The West Marin Review is one of the remarkable things locals brag about, and the newest issue justifies their pride. As was true of each of the previous editions, the seventh volume, released last month, is a potpourri of prose, poetry, paintings, photographs and other forms of art.
Many of the entries are from people living in West Marin whose names will be quickly recognized; some are well known for their accomplishments nationally and in other countries, but others are talented amateurs. Though most of the submissions come from West Marin, there is no geographical restriction for entries. All of the pieces are subject to blind review by panels that rigorously assess them for quality and suitability. The roughly 500 submissions to the latest volume were winnowed down to a total of 52—12 prose pieces, 20 poems and 20 works of art.
Some earlier volumes have included musical scores and even a reproduction of beautifully written 19th-century letters. But what has distinguished each volume is its artfulness as a whole, beginning with the cover. If this sounds like hyperbole, the editors can point out with pride that the journal has been recognized far beyond West Marin. Volume 6 won first place among periodicals and literary journals from the Book Industry Guild of New York. Doris Ober, the review’s managing editor, maintains a carful overview of the written work but attributes the overall attractiveness to artist Madeline Corson, who oversees the design.
The age diversity of contributors—who range from children to nonagenarians—is another important feature of the review. The editors have actively recruited submissions from youngsters; Gerardo Loza, a freshman at Tomales High, has a poem in Volume 7 that evokes his experiences of both California and Mexico.
At a release celebration at the end of October, Heather Quinn, one of the authors featured in the new volume, read her poem, “Mindspill: A Paradelle.” In the most intriguing presentation of the afternoon, Quinn told listeners: “… the paradelle was created as a joke by [former United States poet laureate] Billy Collins in 1997 to create an impossible, ridiculously restrictive poetic form to poke fun at older forms of poetry, like the villanelle. He then published a paradelle that is considered to be quite awful and is assumed to be intentionally so, as if to say, ‘There is no way to write a good poem with this form.’”

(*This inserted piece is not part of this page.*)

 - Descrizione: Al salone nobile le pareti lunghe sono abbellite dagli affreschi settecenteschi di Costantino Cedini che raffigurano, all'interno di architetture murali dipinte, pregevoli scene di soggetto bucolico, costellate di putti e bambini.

To maintain the deception, she went on, Collins claimed in a footnote to the poem that it was one of the fixed forms of 11th-century love poetry. A Wikipedia entry describes the form as “… four six-line stanzas in which the first and second lines, as well as the third and fourth lines of the first three stanzas, must be identical. The fifth and sixth lines, which traditionally resolve these stanzas, must use all the words from the preceding lines and only those words. Similarly, the final stanza must use every word from all the preceding stanzas and only these words.”

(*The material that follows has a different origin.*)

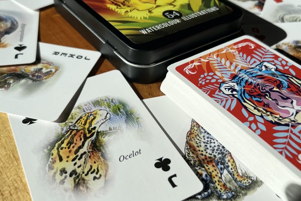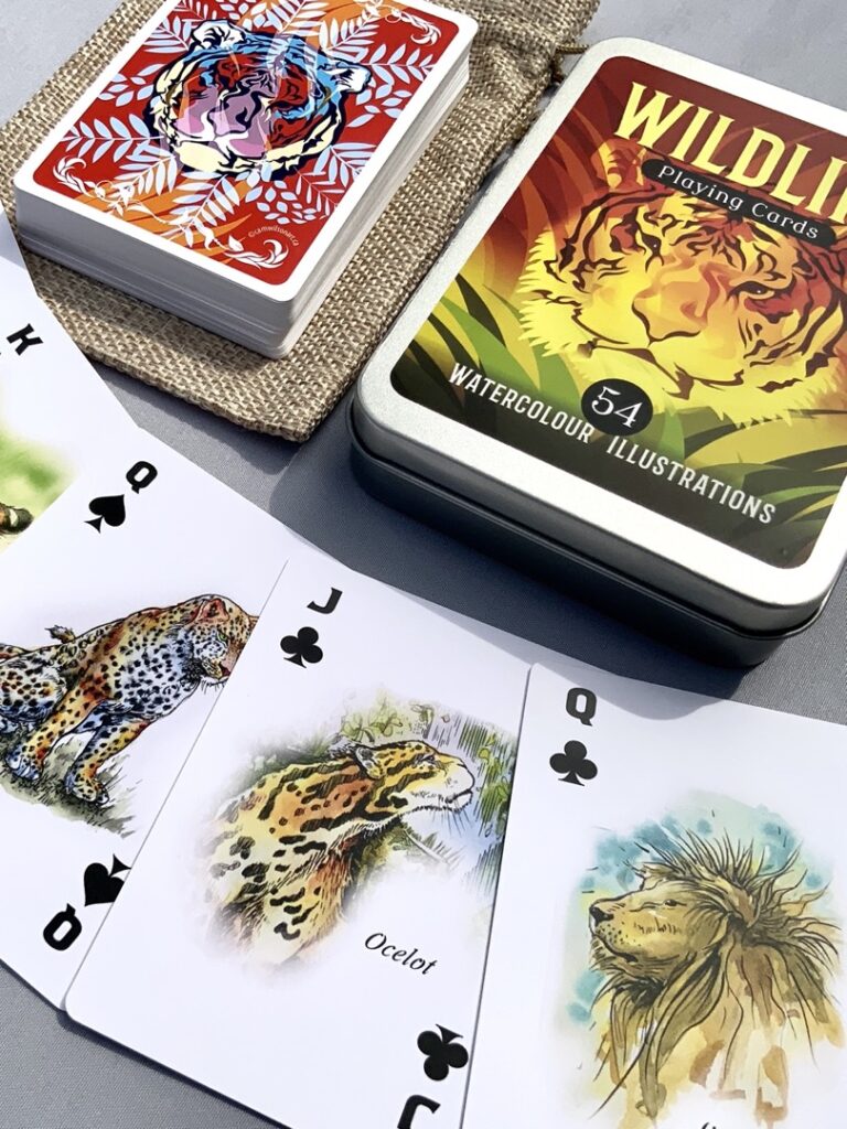 Illustrated Wildlife Playing Cards – 54 beautifully illustrated birds on 54 cards. The birds were illustrated in watercolours by artist Cam Wilson. This gift card set is perfect for bird and nature lovers and a great way to learn about birds while having fun playing cards. All illustrations were handmade and no AI was used.

Although the paradelle was meant as a spoof, Quinn reported that “crazy poets” like herself took it as a challenge. Her poem concludes with the following all-inclusive stanza:
My grandpa’s love is unspooling
like a spillway. From every roof I perch
then lull into the ribbon of childhood
mind. I remember my home, another day,
the bee, t-shirt, backyard crying,
and red sting in the word forget.
I encourage readers to consult Volume 7 to see how all of these words are used in the previous three stanzas as a poetic prevue to this final amalgam.
Another highlight of the release party was the peripatetic David Miller’s synopsis of his entry, “Our Family Farm.” Miller, one of the review’s founders, has moved from West Marin to Davis, where he works as the program director for the Research and Innovation Fellowship for Agriculture at the university. He calls himself “an international development economist by day suffering from chronic jet lag, and an insomniac writer by night.” He has published some of the results of his insomnia—fascinating anecdotes about his life and travels—in the last several volumes.

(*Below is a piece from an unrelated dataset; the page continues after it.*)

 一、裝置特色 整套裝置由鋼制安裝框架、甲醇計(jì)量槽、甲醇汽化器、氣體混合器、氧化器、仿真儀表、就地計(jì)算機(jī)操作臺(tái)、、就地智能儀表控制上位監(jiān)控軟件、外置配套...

His most recent entry describes how the back to the land movement of the 1960s persuaded him and his wife, Susan, to give up “tedious” graduate studies and, on a whim, buy a run-down 150-acre farm in upstate New York. The focal point of the story has to do with coming to grips with using a gun. As he explains, “It was impossible to imagine that pulling a trigger would occupy so much of the life of a tiller of the soil.”
Miller’s farmer neighbors were largely indifferent to his consternation. When he confessed that he had not killed a woodchuck he had spotted, his closest neighbor replied, “What’s the matter, you chicken?” Miller’s embarrassment led him to hunt down the offending animal, and the confrontation was both amusing and instructive.
Although the Millers gave up farm life and went on to work in many exotic places throughout the world, they held on to the farm and periodically returned for short stays for 30 years. As to these international adventures, previous volumes and the next one promise more results of Miller’s insomnia.
Another riveting presentation at the launch party featured Vicki DeArmon’s “A Mother’s No,” an evocation of how often she invoked “no” in raising her child. It will ring a bell for many parents, though probably not with such dramatic consequences.
And the celebration is not over. This Sunday, Nov. 13, Point Reyes Books presents Robert Hass, a former U.S. poet laureate, and friends reading from the new volume in a benefit for the West Marin Review. The event starts at 3 p.m. at the Point Reyes Presbyterian Church; tickets are $25.
Herb Kutchins retired to West Marin in an effort to keep up with his neighbors’ creativity.